The Presidents of Guatemala, Colombia and Costa Rica used the annual gathering for the discussion of alternatives to the War on Drugs. Much of Latin America has been ravaged by drug-related violence for decades, and the cartels have only grown more powerful in recent years. Faced with few options, these leaders have decided that ending the War on Drugs is the only way to take the power away from violent criminals who operate in their countries. The issue is further complicated by the fact that President Juan Manuel Santos of Colombia and President Otto Pérez Molina of Guatemala have long been staunch allies of the United States.

Obama responded by saying that, while he supports a debate on drug policy, legalization is “not the answer.” Furthermore, he reiterated the United States’ commitment to spending billions of dollars fighting the demand for drugs amongst its own citizens. In other words: he reiterated the United States commitment to the failed policy of arresting and incarcerating non-violent drug users.

While legalizing drugs is certainly a touchy issue, doubling down on the expensive, destructive and ultimately ineffective system that has been in place for decades is questionable policy at best. This is especially true of marijuana, which has become increasingly accepted in American society. Recent polls have shown that up to half of the American people now support legalizing marijuana, a substance that is generally agreed to be less dangerous than alcohol or tobacco.

Obama may think legalization is “not the answer” but, in the case of marijuana, it seems like an inevitability. Just look at the demographics. Support for legalization has been rising steadily for years, and the younger a person is the more likely they are to be in favor of regulating and taxing the stuff like alcohol. Many believe it's just a matter of time before states start getting rid of their marijuana laws one by one, just as  Colorado and Washington may do this November when the matter is put to a vote. The least Obama could do is try to position himself a little closer to the right side of history.

When it comes to harder drugs, things get a little more complicated. Full legalization might not be the best way to deal with those, but the current system certainly isn’t working either. Treating drug addicts like criminals is a terrible way to deal with the problem of drug abuse, and its time for the United States to shift its focus. Drug abuse needs to be dealt with as an issue of public health, not an issue of criminal justice.

A bold shift in drug policy might sound radical, but it really isn’t.
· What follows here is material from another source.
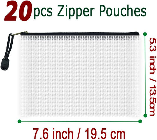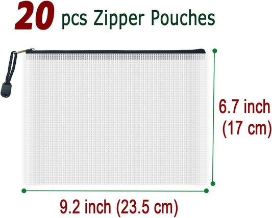 AUSTARK 20 Pcs Zipper File Bags, Plastic Mesh Pouch, Board Game Storage Bag, Waterproof Bags for Office School (Multi-Size, White and Black)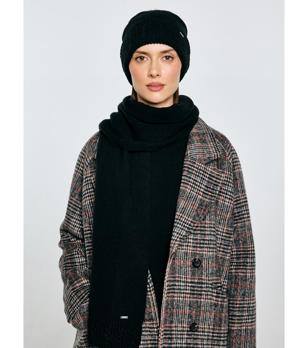 Big Star Eșarfă neagră tricotată pentru femei Eșarfă dreptunghiulară tricotată pentru femei, cu o tricotare fină și uniformă.

We would not be wading into the waters blindly, as other nations have tried alternative approaches with a great degree of success.
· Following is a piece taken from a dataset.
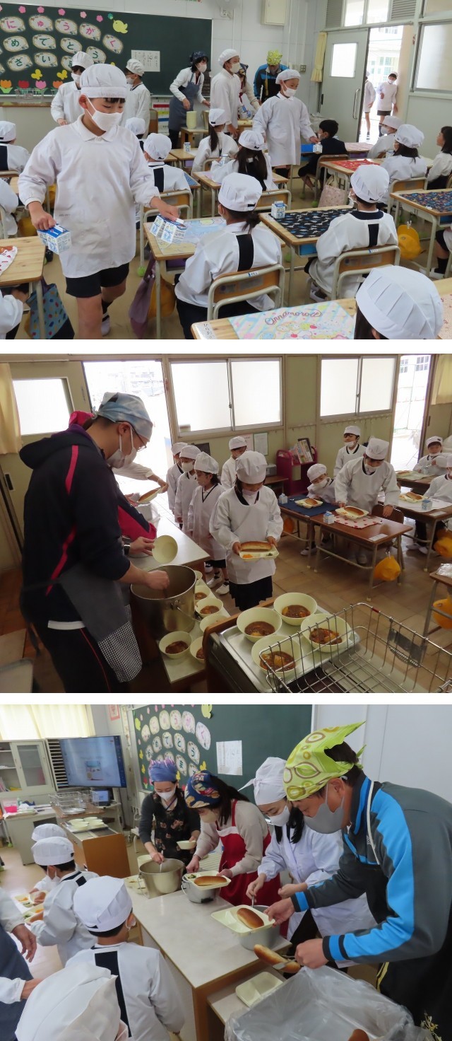 給食を運ぶのは、6年生が手伝ってくれました。

Take a look at Portugal. Over 10 years ago, amidst an epidemic of drug addiction, Portugal decided to try something new. They decriminalized possession of all drugs and began to treat addicts like patients instead of criminals. Rather than sending them to a courthouse to be charged with a crime, Portugal started sending its drugs users to panels composed of health care professionals, social workers and judges. If the panel concluded that the user was in need of treatment they then determined the course of treatment necessary.

While the new law was controversial in Portugal at the time that it was passed, this is no longer the case. Decriminalizing drugs and shifting the focus to treatment instead of incarceration has been a success by almost every measure. The number of people addicted to hard drugs has been cut in half since its peak in the 1990’s, the rate of HIV transmission has decreased significantly, the number of overdose deaths has fallen, the number of petty crimes committed by drug addicts has decreased and the level of drug use by young people has fallen.

This isn’t to say that a similar law would have the exact same effects in the United States, but when you’re failing miserably it's not a bad idea to take suggestions from the people who are doing well. Whatever your opinion may be on legalization, there’s no denying that our current system of drug prohibition has not come close to meeting any of its stated goals.

The time has come to try something new. If the rest of the world is going to move forward then President Obama should have us leading the way -- not holding everyone else back.